The Mass Of The Media
The mass media reshaped our society in the 20th century. Very few people now living remember life before mass media, and that number will only decrease in the years to come. And yet, the media is under attack by the new, more distributed information culture that first arose online. The outcome of that battle though has yet to be decided. Looking back on different transitions in history, sometimes the new wins out over the old… but sometimes the old shuts down or delays the new, for decades if not hundreds of years. Which will this be, I wonder?
I studied media and communications in college, along with politics and history, so this is a huge interest of mine. One area that my courses covered was propaganda and the inter-relationships that has had with advertising.
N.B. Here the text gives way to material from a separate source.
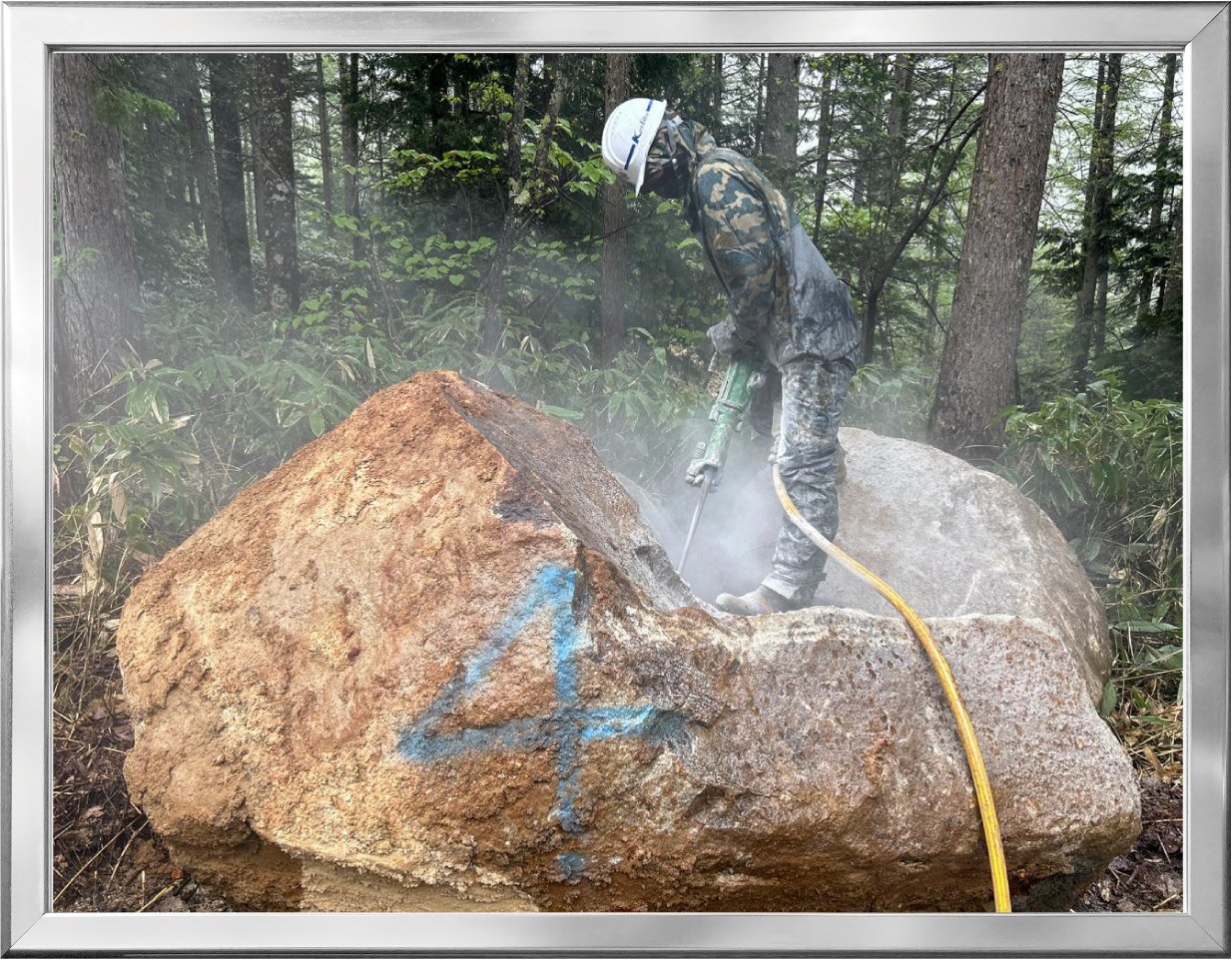 転石破砕(仮設道を作設中に転石が出てしまい運搬するために小割りにしている状況です。) |

My own conclusion from studying this is that we are all being subjected to the most pervasive mind-control experiment ever conducted, with no control group and no oversight on the experimenters. Personally, I think history will look back on the way we allow these techniques and technologies of influence to be used on people with horror, the same way we now look at the techniques and technologies of medieval “medicine” (leeching, bleeding, etc.).
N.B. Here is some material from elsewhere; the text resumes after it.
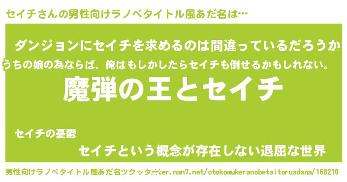 | ヒーロー風カッコイイあだ名 | 『仮面セイダー』『黄金騎士セイ』 |

Is advertising good? Certainly most people seem comfortable with it… but I would submit that that’s because by and large everyone now living grew up with it. In a way, it’s like oxygen… it’s just there. But that doesn’t mean that it is actually good. Certainly if you have something to sell, the idea that you’d try to get people to be interested in buying it SEEMS good… on the surface. But if a product can’t stand on its own merits, for the purposes for which it is ostensibly used for, is it worth buying? And if it is not in fact worth buying, is advertising to get someone to buy it anyway good? I think most people would answer that question no… while saying they can tell the difference.